My husband and I laugh… whenever we are away from the kids we enjoy ourselves for a few hours sometimes only minutes before we start talking about them wondering what they are doing right then. It’s been this way a long time, before we had kids we talked about the dog on vacation and constantly wished he was there. “Basil would have loved this,” “Alastair would have gone crazy for that,” or “I wonder if Harper is up smiling away right now.”
In short, I think I’m trying to find that balance… practicing mindfulness to be in the moment. I want to saviour their childhoods and be present. I will admit this is difficult in this social media world of cell phones and apps that steal our time. Television shows and movies that help us escape. On top of it all that online world is now my job… I find it creeps into time that I know should be all theirs.

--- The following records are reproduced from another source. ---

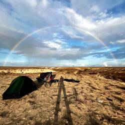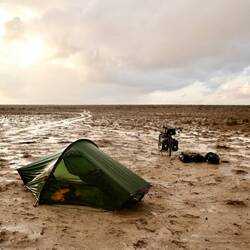 Am Morgen nach dem Frühstück gestartet. Nach 10 km kommt ein Restaurant. Die LKW-Fahrer trinken auch hier schon am Morgen Wodka. Ich fahre weiter und biege von der Hauptstraße ab, um ein Dorf zu erreichen. Dort gibt es eine Einkaufsmöglichkeit. Weiter auf der Straße und es fängt an zu regnen. Leider hört es nicht mehr auf und ich denke, es wäre jetzt gut einen Platz zum schlafen zu finden. Ich verlasse die Straße und komme keine 50 m weit. Es ist totaler Matsch. Das Hinterrad am Fahrrad blockiert. Die Kette spannt sich durch den Dreck so stark, dass ich Angst hatte, es würde etwas kaputt gehen. Zum Glück hatte ich genügend Wasser dabei, so dass ich die Kette und die Ritzel gut reinigen konnte. Als ich auf der Straße zurück war, schien plötzlich wieder die Sonne. Nach ungefähr 10 km sah ich auf einer kleinen Anhöhe ein Haus. Ich dachte, ich könnte dahinter mein Zelt für die Nacht aufschlagen. Der Weg dorthin sah gar nicht so schlecht aus, aber es war trügerisch. Nach etwa 100 m war kein weiterkommen und zurück auf die Straße war extrem mühsam, da das Hinterrad immer wieder blockierte und die Kette wieder so straff war, dass ich Angst hatte sie könnte reißen. Zentimeterdicker Schlamm unter meinen Fußsohlen. Extrem rutschig und so bin ich dann auch noch ausgerutscht und lag der Länge lang im Schlamm. Wieder die Kette und Ritzel gereinigt und noch eine Flasche Wasser dabei verbraucht. Ich überlegte, ob ich vielleicht gleich bis in die nächste Stadt fahren sollte, um mir ein Hotel zu nehmen, weil es im Moment aussichtslos schien, bei dem Schlamm und Matsch einen Übernachtungsplatz neben der Straße zu finden. Allerdings war es noch ziemlich weit und ich hatte Sorge, dass ich vielleicht so wie ich aussah, abgewiesen werden könnte. Kurze Zeit später kam ein Flusslauf, dort sah ich gute Möglichkeiten für ein Camping. Unten am Fluss war der Boden auch sandig, so dass ich nicht mehr im Matsch versunken bin. Ich wollte gerade mein Zelt auf stellen, da fing es plötzlich an, wie aus Eimern zu schütten. Dort, wo ich mein Zelt ausgebreitet hatte, bildet sie sich innerhalb von sehr kurzer Zeit eine riesige Pfütze und das Zelt war komplett im Wasser und alles war nass. Der Vorteil war, dass der Schlamm an meiner Regenbekleidung etwas abgewaschen wurde. Kurze Zeit darauf wieder Sonnenschein. Ich nahm das Innenzelt und die Fußmatte raus versuchte alles etwas zu trocknen. Keine Chance. Es war aber dann doch nicht so schlimm, weil meine ISO Matte noch trocken geblieben war.Read more
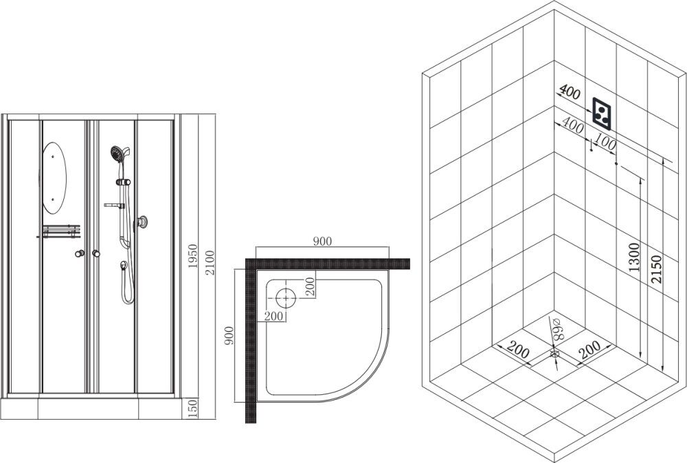 - Размеры (ш/г/в): 90х90х210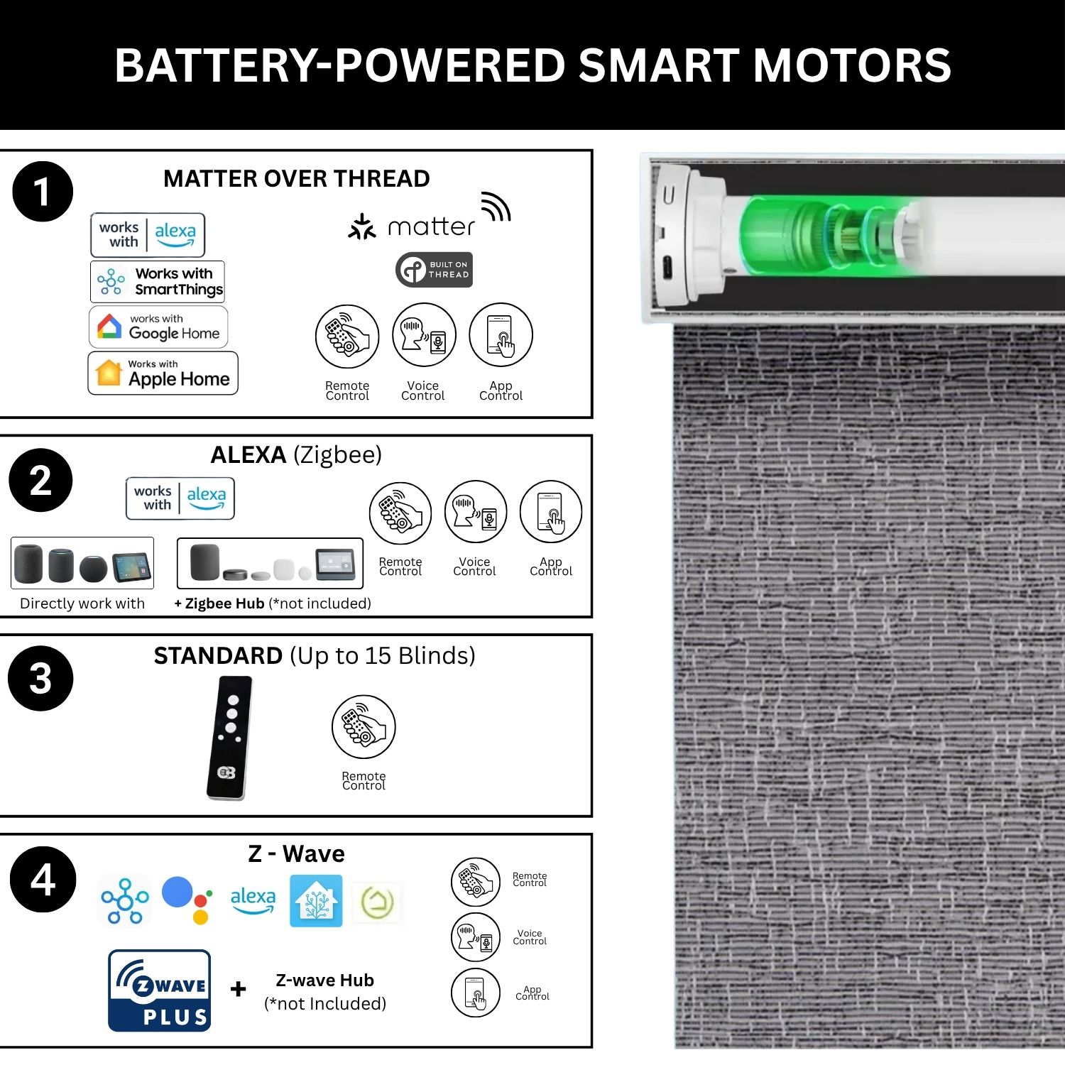 At Coastal Smart Blinds, we offer a versatile selection of motorized systems designed to integrate effortlessly with your smart home. Our Zigbee and Z-Wave motor options are compatible with leading platforms like Samsung SmartThings, Home Assistant, and Hubitat, giving you simple, centralized control at your fingertips. At the heart of our technology lineup is the Matter motor, a next-generation solution built on the Matter over Thread protocol.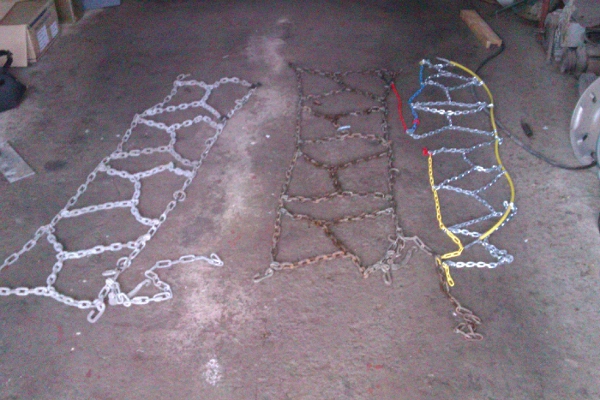 Můj poznatek je,že si zkusmo nasaďte jeden řetěz na sundanou rezervu ještě před koupí ( každý prodejce vám to rád umožní ) . Ušetříte si problémy s velikostí .....ze skušenosti je lepší řetěz o jedno číslo větší,než uvádí výrobce ( dle rozměru pneu ),aby jste je hned nemuseli měnit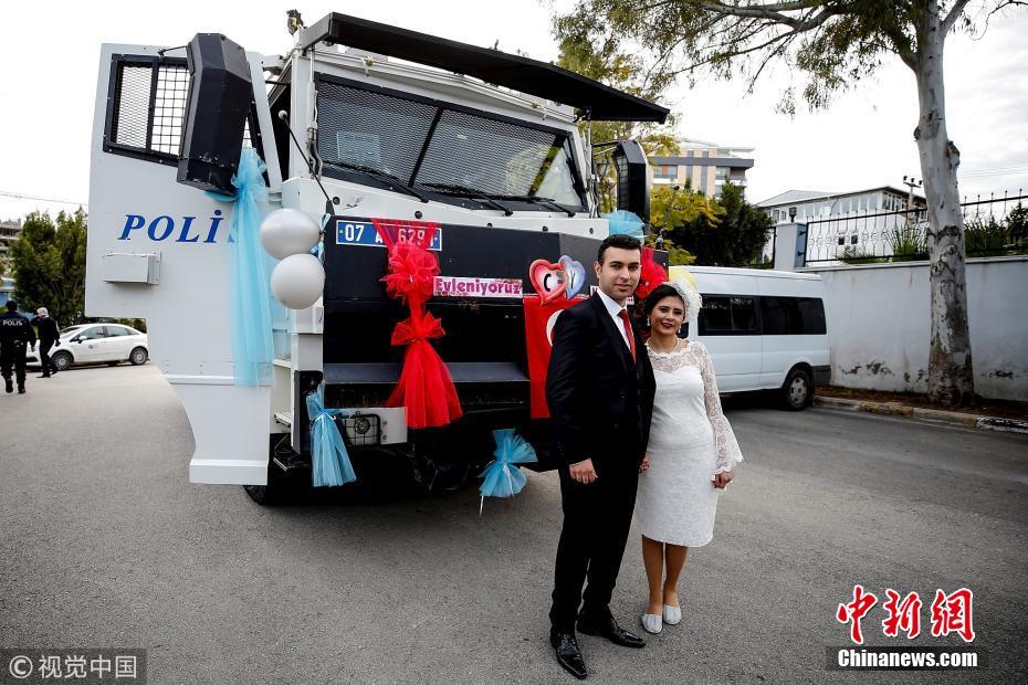 當?shù)貢r間2018年3月21日,土耳其安塔利亞,警官Ceren Ekici和Taha YasinGul舉行婚禮。在10個月前的一次行動中,Taha YasinGul不慎開槍擊中Ceren Ekici的頭部,所幸沒有造成生命危險。他們的婚禮由警局同事操辦,同事們舉著防彈盾牌,護送這對新人走向禮臺。圖片來源:視覺中國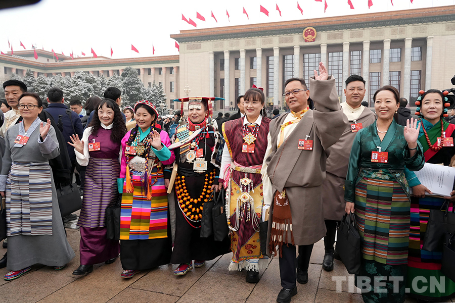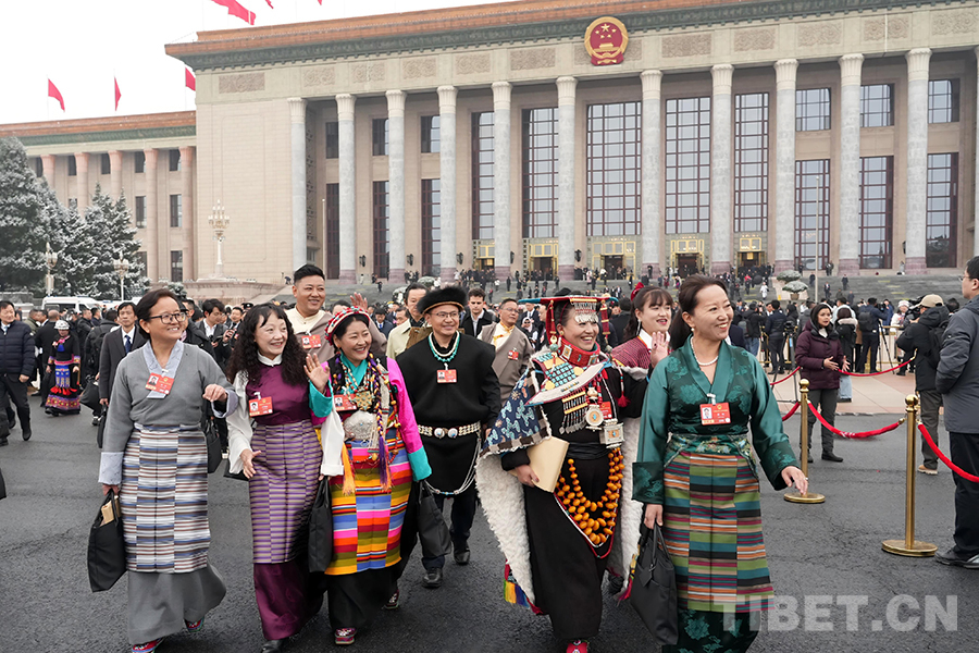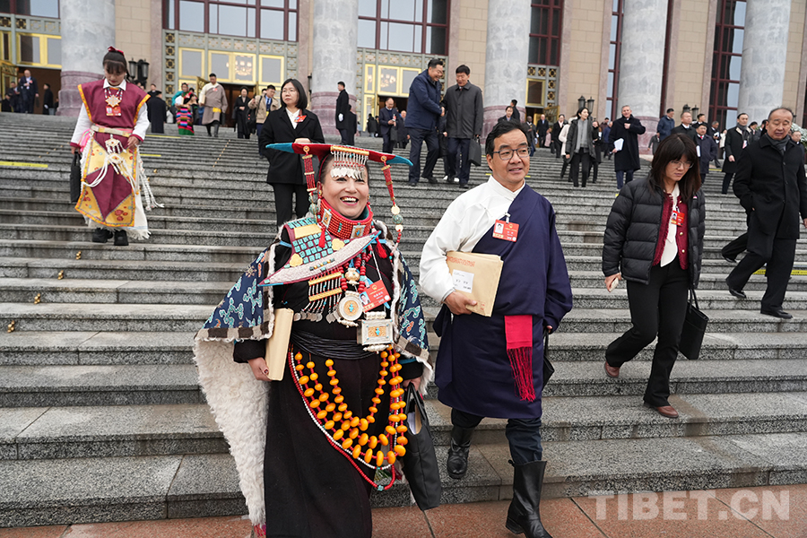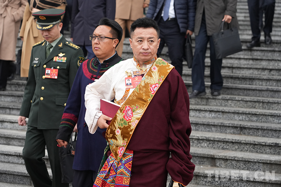 来自西藏自治区的全国人大代表走出会场 摄影:边子捷

Don’t get me wrong, blogging from home is a dream! It’s not only an amazing job that is both financially and creatively rewarding blogging has given me the means to stay home with these two. Not all moms can say they get to have that daily time with their little ones. This is not a sad complaining post but more a written reminder to myself to take back my time and live it with the ones that matter most. I’m going to try to disconnect daily from the internet world and take some time reconnecting with my little nucleus I call a family. Are you with me?